12. The method according to claim 11, wherein said tool includes an enlarged head, and said pressure is applied by striking the enlarged head with an object.

13. The method according to claim 11, wherein said tool includes an enlarged head, and said pressure is applied by striking the enlarged head with a hammer.

14. The method according to claim 11, wherein said valve guide includes struts connecting the upper valve guide and the lower valve seat, and wherein said tool is configured to engage the valve stem in an area defined by said upper valve guide, said struts and said lower valve seat.

15. The method according to claim 1, further comprising providing said tool with an overall length in the range of ten inches to sixteen inches.

16. The method according to claim 1, further comprising providing said bifurcated foot as planar, and providing an acute angle between a longitudinal axis of the tool and a plane containing the bifurcated foot of the tool.

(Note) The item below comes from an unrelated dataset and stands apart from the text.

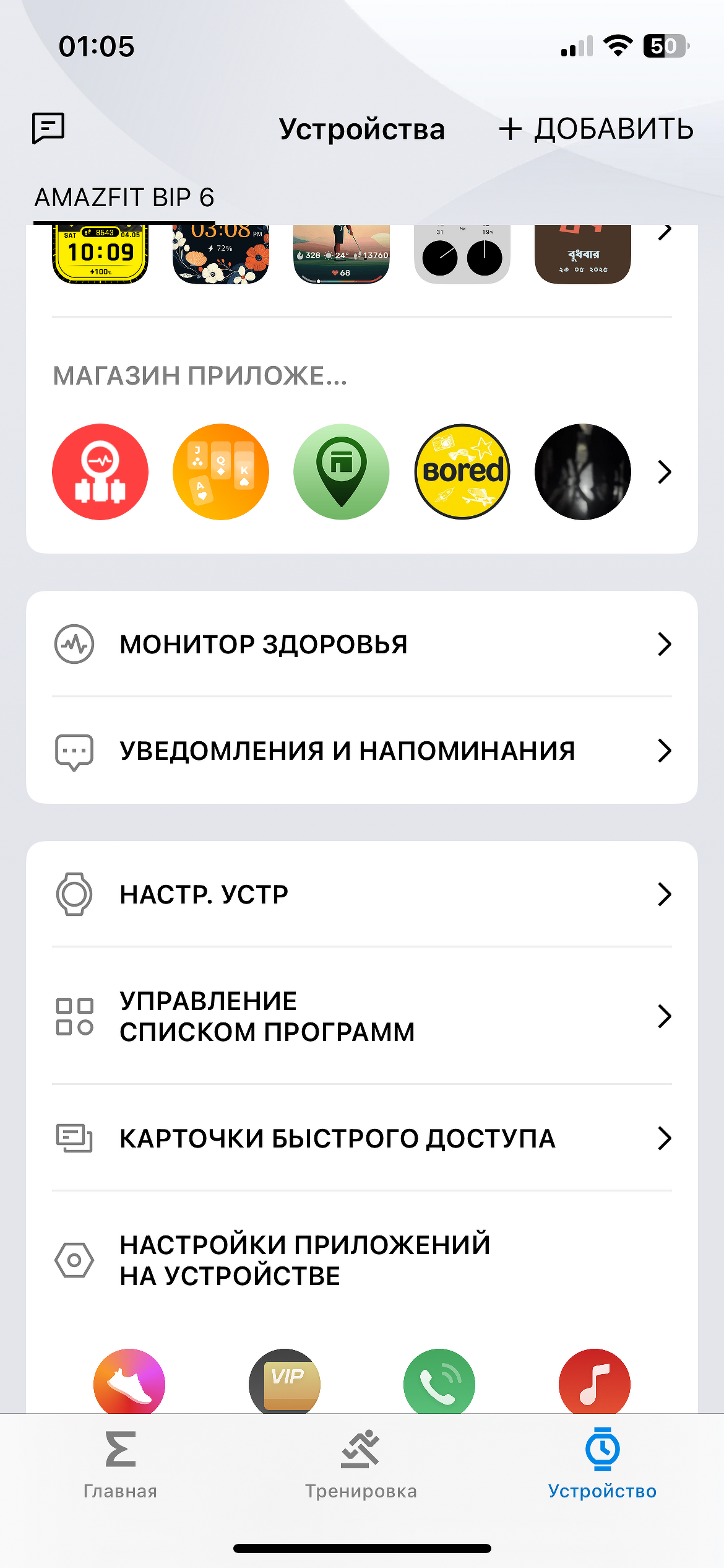Amazfit Bip 6 сопрягаются со смартфонами на базе iOS и Android — ограничений нет. Мобильное приложение Zepp скачивается из соответствующего магазина и быстро настраивается. Внутри — как мы уже начали рассказывать, широчайшие возможности настройки буквально всех параметров.

17. The method according to claim 9, wherein said angle is in the range of 50 degrees to 80 degrees.

18. A valve tool comprising: an elongated shaft, an enlarged head located at one end of the elongated shaft, and a bifurcated foot located at the opposite end of the elongated shaft.

19. The valve tool of claim 18, wherein said valve tool is at least 10 inches in length and less than 16 inches in length.

20. The valve tool of claim 18, wherein said bifurcated foot is planar, and there is an acute angle between a longitudinal axis of the tool and a plane containing the bifurcated foot of the tool.